**What you are asked to do**. Without the pictures, retype each line below exactly as it stands.

**Given data**.

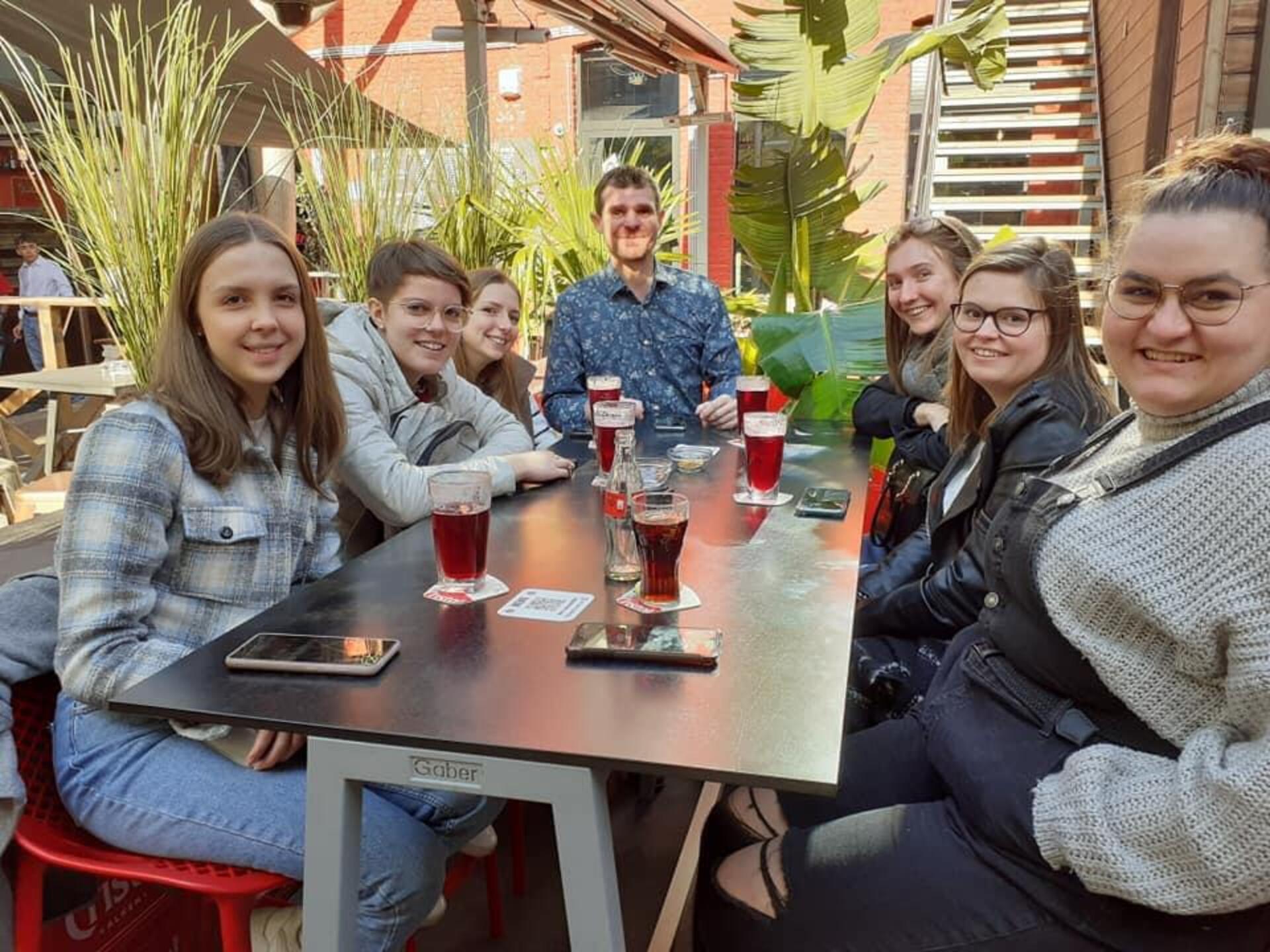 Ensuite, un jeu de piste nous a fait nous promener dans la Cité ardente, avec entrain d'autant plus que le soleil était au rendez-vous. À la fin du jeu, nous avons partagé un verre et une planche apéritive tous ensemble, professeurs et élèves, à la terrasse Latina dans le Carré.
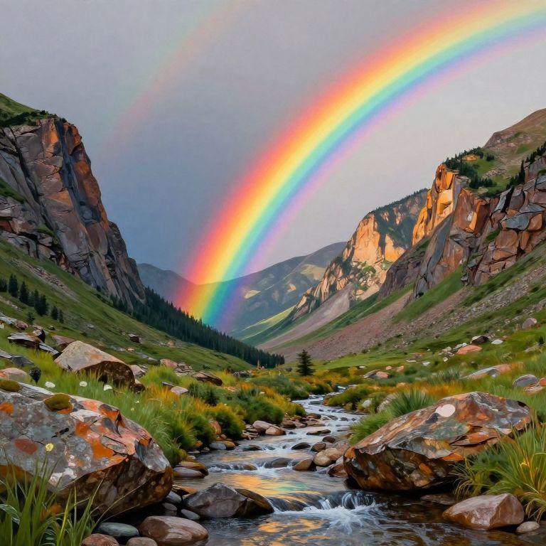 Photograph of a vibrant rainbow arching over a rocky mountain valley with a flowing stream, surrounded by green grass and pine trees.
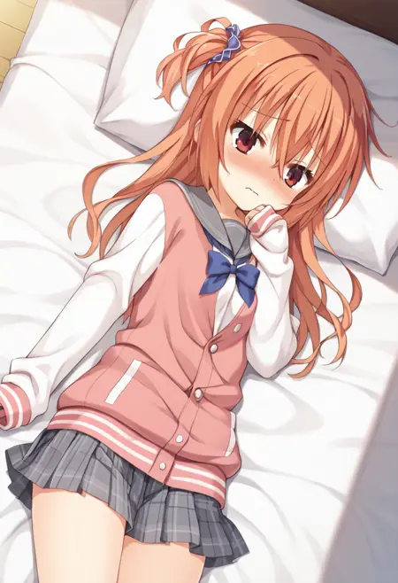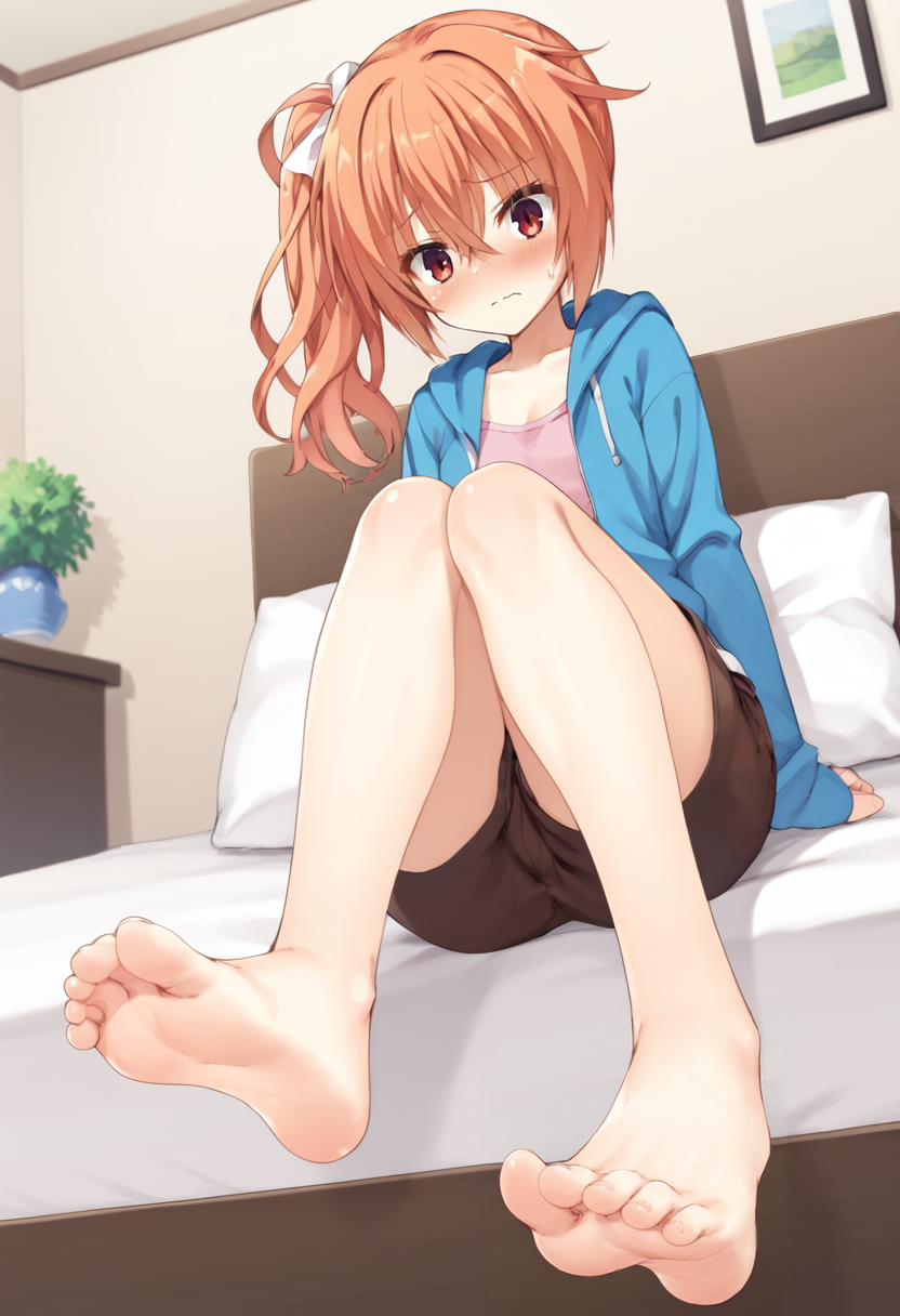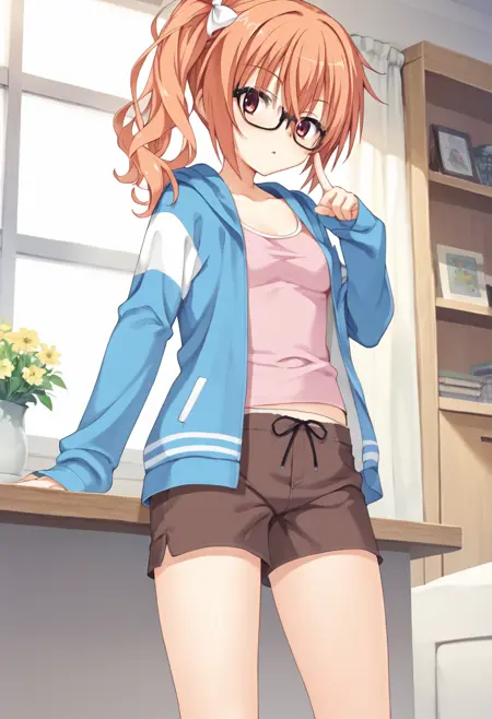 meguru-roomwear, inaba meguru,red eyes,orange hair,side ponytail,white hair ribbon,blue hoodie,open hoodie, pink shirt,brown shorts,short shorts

**Your solution**.
 Ensuite, un jeu de piste nous a fait nous promener dans la Cité ardente, avec entrain d'autant plus que le soleil était au rendez-vous. À la fin du jeu, nous avons partagé un verre et une planche apéritive tous ensemble, professeurs et élèves, à la terrasse Latina dans le Carré.
 Photograph of a vibrant rainbow arching over a rocky mountain valley with a flowing stream, surrounded by green grass and pine trees.
 meguru-roomwear, inaba meguru,red eyes,orange hair,side ponytail,white hair ribbon,blue hoodie,open hoodie, pink shirt,brown shorts,short shorts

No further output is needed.